Et les cigarettes électroniques ? « Ce n'est pas de l'air pur. Ce n'est pas ce que la nature a prévu pour notre corps », souligne-t-il. Même s’il n’y a pas de combustion, ils continuent d’introduire des substances qui altèrent l’équilibre hormonal et le microbiote.

Sur la liste noire figurent également l'alcool, inflammatoire, déshydratant et grand ennemi du foie, l'excès de café (plus de trois tasses par jour commence à faire des ravages) et, bien sûr, le sucre et les aliments ultra-transformés. « Ils enflamment, déshydratent et détériorent la qualité des tissus. Le sucre n'est bon à rien », affirme-t-il sans détour.

Le mal dormir est également perceptible (et beaucoup)

Un autre grand ennemi de la beauté que l’on a tendance à sous-estimer est le repos. Le manque de sommeil ne nous laisse pas seulement des cernes : il affecte directement la régénération cellulaire et hormonale. Aux États-Unis, il existe un concept très curieux appelé « sommeil réparateur », qui fait référence à ce temps de repos supplémentaire dont le corps a besoin pour régénérer la peau et les cheveux.

« Les personnes qui dorment peu ont tendance à avoir des cheveux en moins bonne santé, une peau de moins bonne qualité et des cheveux gris encore plus précoces », explique Marta. Le sommeil n’est pas un luxe, il fait partie du traitement.

Microbiote : la pharmacie interne de votre corps

Mais s’il y a un concept qui traverse tout le discours de Marta León, c’est bien le microbiote. «Cela influence presque tout, c'est comme un département horizontal au sein du corps», explique-t-il. Non seulement il aide à digérer et à absorber les nutriments, mais il régule l’inflammation et participe à la synthèse de substances clés de la peau comme le collagène.

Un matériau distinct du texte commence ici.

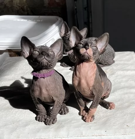 Cuccioli gatti sphinx due femmine e un maschio (gomma) tre mesi. Si cedono vaccinati e sverminati. Max serietà e solo veramente interessati.
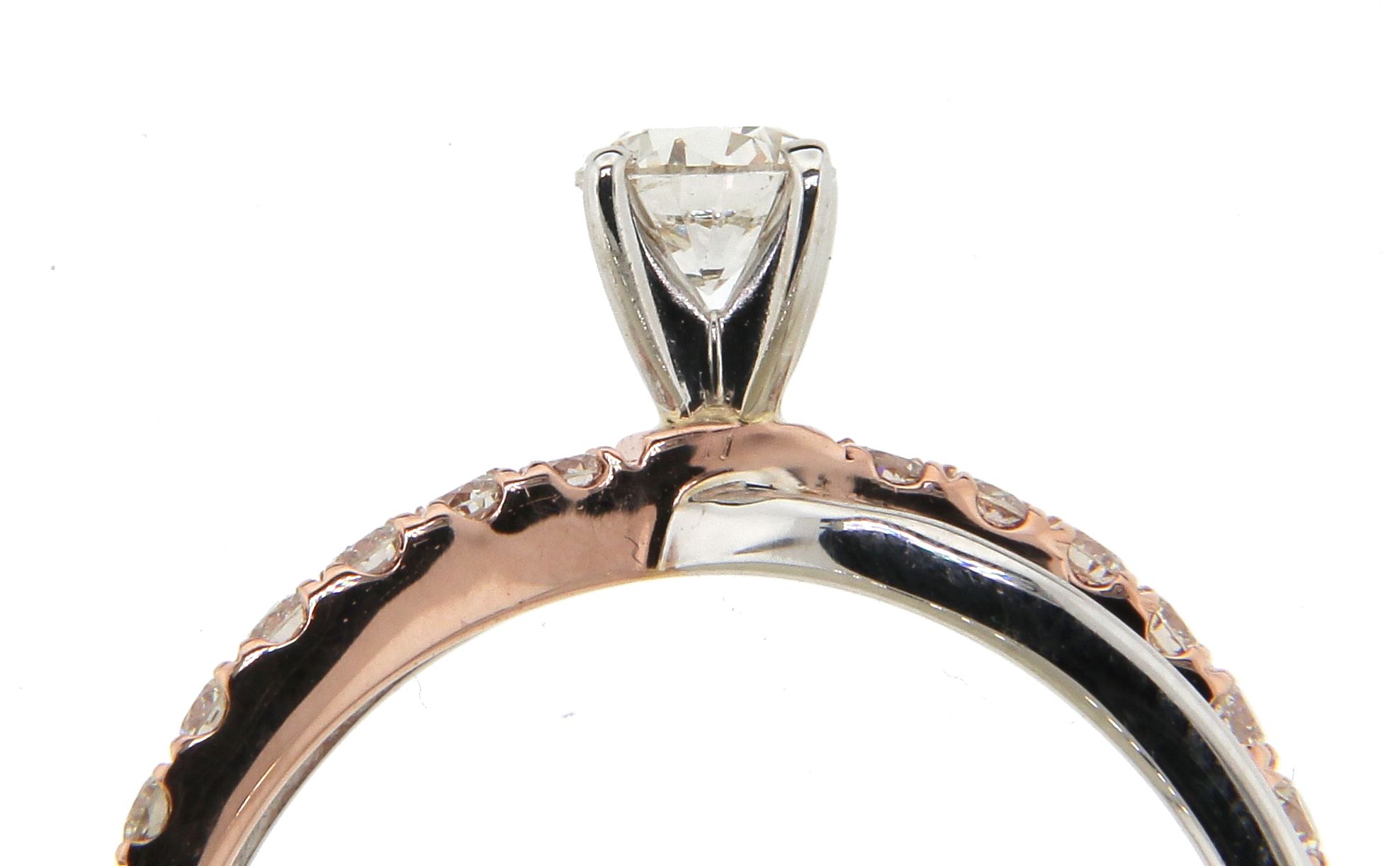 Anillo Solitario con Centro 0.30 Quilates y Montadura 0.19 Quilates de Diamante en Oro Combinado de 14 kt

Lorsque le microbiote est déséquilibré, l’inflammation augmente et cela se répercute directement sur la peau et les cheveux : plus de chute de cheveux, moins de brillance, plus de sensibilité. « Les personnes les plus enflammées ont tendance à avoir des cheveux en moins bonne santé », souligne-t-il.

Tout cela signifie-t-il qu’il faut jeter nos crèmes à la poubelle ? Du tout. Marta ne diabolise pas la cosmétique, mais la remet à sa place. « La combinaison de bons produits avec un bon travail interne est la clé. Si vous ne faites qu'une seule partie, ce n'est pas suffisant. »

La conclusion est aussi claire que libératrice : la beauté ne consiste pas à accumuler des produits, mais à veiller à l’équilibre. Et peut-être, juste peut-être, que la prochaine fois qu'une crème ne fonctionnera pas pour nous, la solution ne sera pas de changer de marque… mais de regarder un peu plus à l'intérieur.